-
Notifications
You must be signed in to change notification settings - Fork 381
Description
Summary
We should enhance the existing libp2p resource management and rate limiting to support adaptive scaling based on hardware capabilities. Currently, resource limits are hard-coded and static (5000 incoming streams, 10000 outgoing streams, 200 connections per IP). This enhancement would make limits dynamic and adaptive—scaling from resource-constrained devices to high-performance servers—while adding a soft connection trimmer and optional private network support.
Motivation
Bee nodes currently have basic rate limiting and per-IP connection limits, but they don't adapt to hardware capabilities:
- Static Limits Don't Scale: Hard-coded stream limits (5000/10000) and per-IP limits (200 connections) are the same for a 1GB Raspberry Pi and a 32GB server. A Raspberry Pi could be under-utilized or overloaded, while a server is artificially constrained.

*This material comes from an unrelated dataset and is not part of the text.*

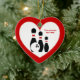Bowling ball and pins black red heart ornament that features a minimalist icon of three black bowling pins with red stripes, a ball and your text on white background with red border. Personalise it and change text with monogram, name or your message.

- No Soft Limit Management: Nodes hit hard resource limits abruptly with no graceful degradation. There's no connection trimmer to reduce load before hitting system limits, leading to sudden disconnections.
- Limited Rate Limiting: While per-IP rate limiting exists (10 conn/sec, burst 40), it's not integrated with the overall resource strategy or configurable per deployment.
- Private Network Limitations: Private IP ranges (10.x, 192.168.x) cannot be exempted from rate limits, breaking local cluster deployments that developers need for testing.
- No Bootnode Prioritization: Bootnodes aren't automatically exempted from rate limits, potentially causing bootstrap failures under high load.
- No Protocol Prioritization: All protocols consume resources equally; critical protocols like Hive could be starved by background traffic.
Implementation
-
Hardware-Adaptive Scaling:
- Move from hard-coded limits to auto-scaled limits based on available system memory
- Define reasonable base limits for constrained devices
- Scale limits proportionally upward as more memory becomes available
- Preserve the existing rate limiting approach but integrate it with dynamic system limits
-
Improved Per-IP Connection Limits:
- Replace fixed 200-per-IP limit with dynamic calculation based on total system connections
- Scale fairly: smaller nodes get smaller per-IP allowances, larger servers allow more
- Maintain the existing IPv4 /32 and IPv6 /56 subnet-based approach
-
Connection Manager (Soft Limits):
- Add a connection manager that trims excess connections before hitting hard limits
- Implement configurable grace periods to protect new connections
- Use hysteresis to prevent rapid connection cycling under load
- This prevents the abrupt failures that currently occur when limits are exceeded
-
Bootnode Allowlisting:
- Automatically exempt bootnode multiaddrs from rate limits
- Ensure reliable bootstrap connectivity regardless of load conditions
- Gracefully handle invalid bootnode addresses
-
Private CIDR Support (new optional flag):
- Add --allow-private-cidrs flag to exempt private IP ranges from rate limiting
- Enable local cluster deployments and development setups
- Disabled by default for security on public nodes
-
Encapsulated Resource Manager:
- Extract resource manager configuration into a separate module for maintainability
- Centralize all resource limit logic in one place
- Prepare codebase for future enhancements (e.g., per-protocol limits commented as example)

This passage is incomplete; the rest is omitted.